= TRY IT =
Taking the entries below, transcribe only the lines starting with the one with "Style:Sexy Type:Shorts Set" and going on through the one with "湖南長量檢測股份有限公司 黑體爐 校準證書", exactly as written, without the pictures.

= DATA FOR ANALYSIS =

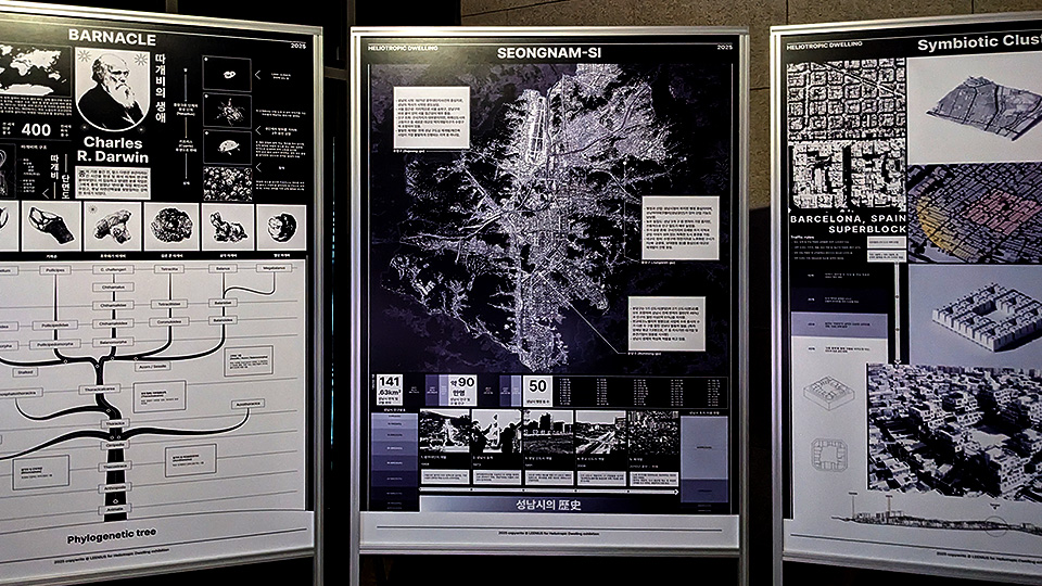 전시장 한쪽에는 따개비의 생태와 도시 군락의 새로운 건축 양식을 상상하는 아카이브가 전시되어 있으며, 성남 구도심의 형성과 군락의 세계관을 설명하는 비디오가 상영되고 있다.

---

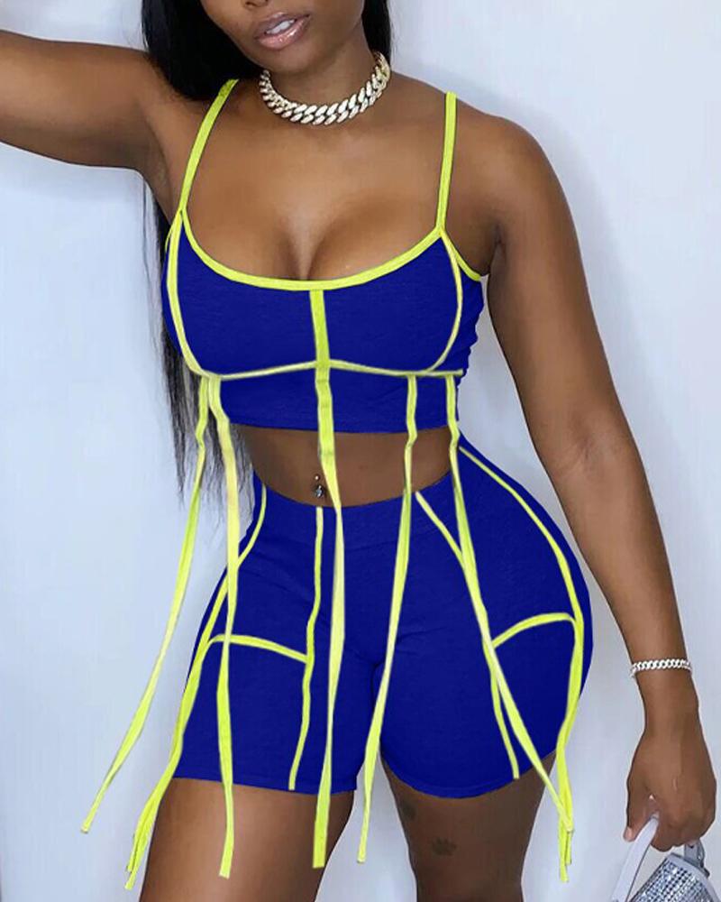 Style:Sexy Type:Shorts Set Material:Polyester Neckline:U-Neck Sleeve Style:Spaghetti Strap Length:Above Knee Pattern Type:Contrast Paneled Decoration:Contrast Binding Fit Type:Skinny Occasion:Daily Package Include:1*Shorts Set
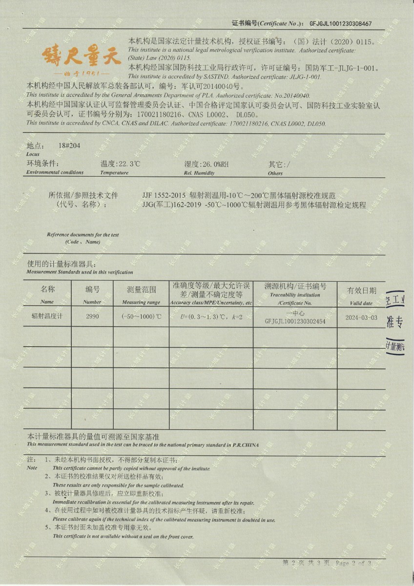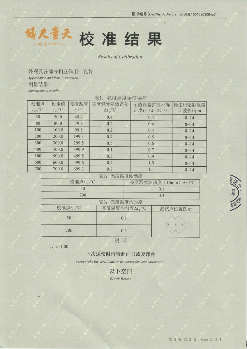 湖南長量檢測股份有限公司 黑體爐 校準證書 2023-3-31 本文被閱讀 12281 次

= TASK RESPONSE =
 Style:Sexy Type:Shorts Set Material:Polyester Neckline:U-Neck Sleeve Style:Spaghetti Strap Length:Above Knee Pattern Type:Contrast Paneled Decoration:Contrast Binding Fit Type:Skinny Occasion:Daily Package Include:1*Shorts Set
 湖南長量檢測股份有限公司 黑體爐 校準證書 2023-3-31 本文被閱讀 12281 次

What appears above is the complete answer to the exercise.